The problem I’m having

I am using Snowflake as a DWH and during a dbt run I want to set the USE_CACHED_RESULT parameter to false for the whole run.

I already put it under the on-run-start

dbt_project.yml

on-run-start:
   - "alter session set use_cached_result = false"

But when I look into the query history of Snowflake, I see different session ids in the whole run so I guess the parameter is not set for the whole dbt run

I can use it in a pre-hook also so that for every model it unset the parameter before running it but it’s a lot of queries.
Is there a way to set it only once ?

I am wondering how dbt uses the session in Snowflake, is it

  • one session per model
  • one session per statement (but I see several statements with the same session id)

Edit
I tried using the ALTER statement in the pre-hook key.
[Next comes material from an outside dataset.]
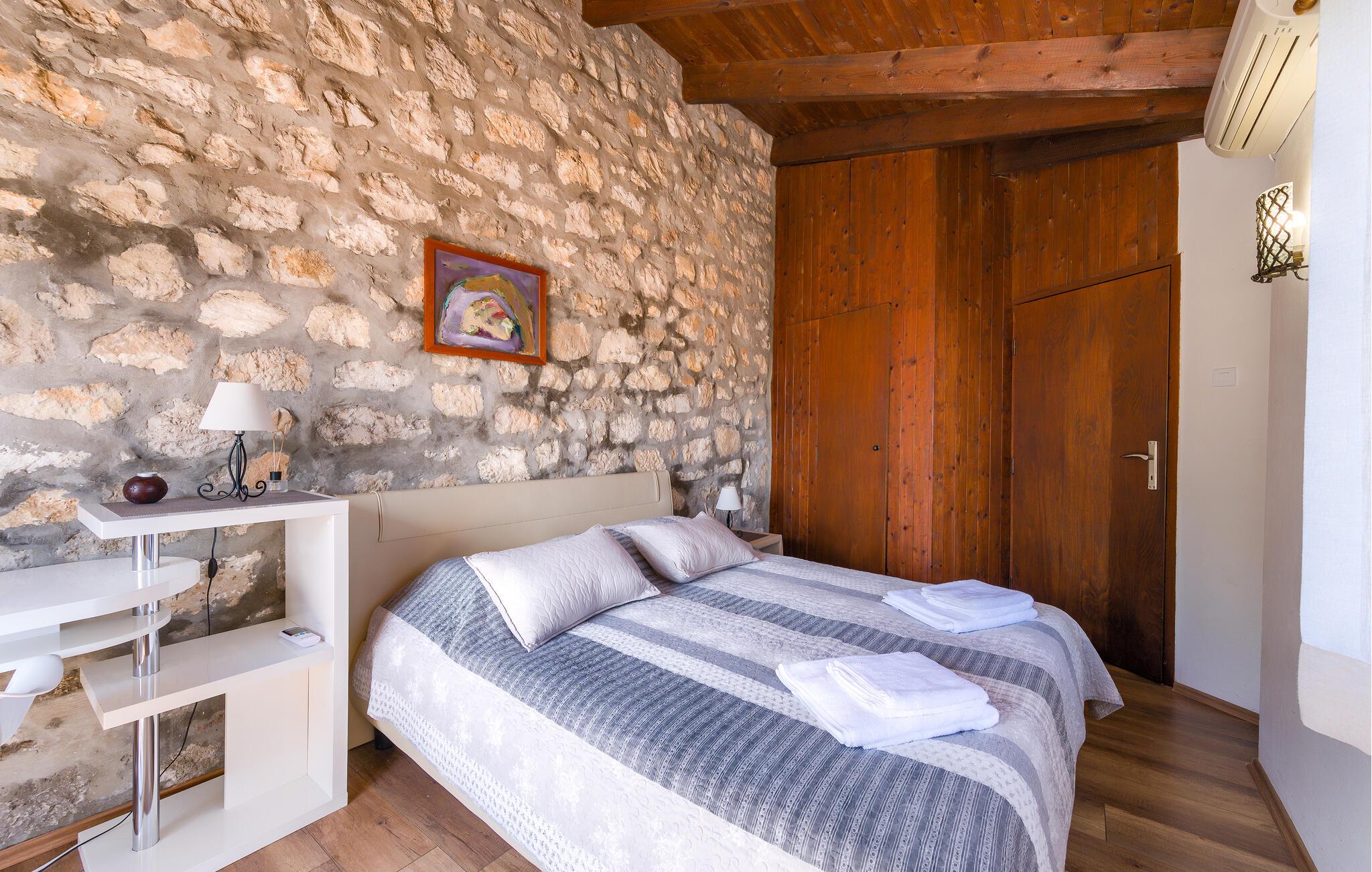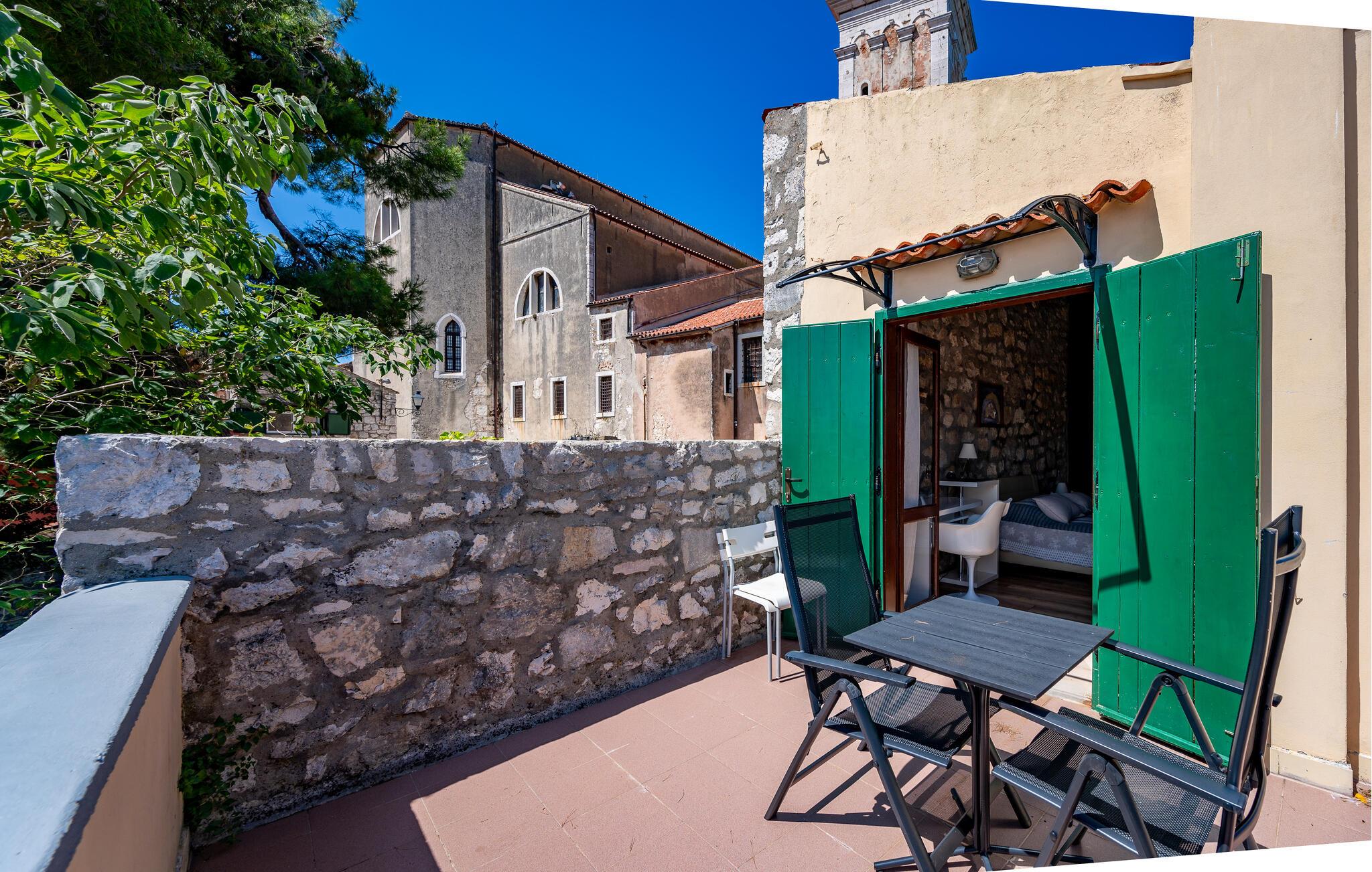 Dette kærligt restaurerede feriehus byder jer velkommen i Rovinjs historiske bymidte, nogle få skridt fra kysten. En velholdt, rustik atmosfære venter jer med trælofter og naturstensvægge. Forkæl hinanden med lækre måltider lavet med friske råvarer fra markedet, planlæg jeres aktiviteter i fred og ro, nyd afslappende siestaer og fordyb jer i ferienlæsning efter en lang dag.

  • the ALTER statement is executed in the same session as the subsequent model
  • but the query still fetches results from cache anyway

Thanks for your help.

Hi philippev,

Were you ever able to figure this out?

I’m trying to do the same thing. I’m trying to optimize/run some of my dbt tests and I don’t want Snowflake to use the cached query result.

Thanks

Hi @amiri.mccain,

I have no final answer but the parameters you can leverage are:

  • USE_CACHED_RESULTS in the pre-hook at the model level (not in the on-run-startat run level) as dbt creates one snowflake session per model.
  • Resuming a Warehouse or creating a new one for each test. The WH seems to have a clean cache when suspended (see this).

You will inevitably have small amout of cache that comes from local disk cache (on the warehouse) during the run. Even if you cold start a warehouse (meaning the local cache is empty) after launching your dbt run, the downstream models will benefit a few cached data from upstream ones. At least that’s what I experienced and saw in the query_history table, I never get 0% cached for every models.

That’s not really a problem, the most important thing is to start every run without any cache (resume a WH or create a new one) so you start the different runs on the same basis.

To better understand how cache works in SF, have a look at this nice article (if you haven’t already). Getting old but the principles remain.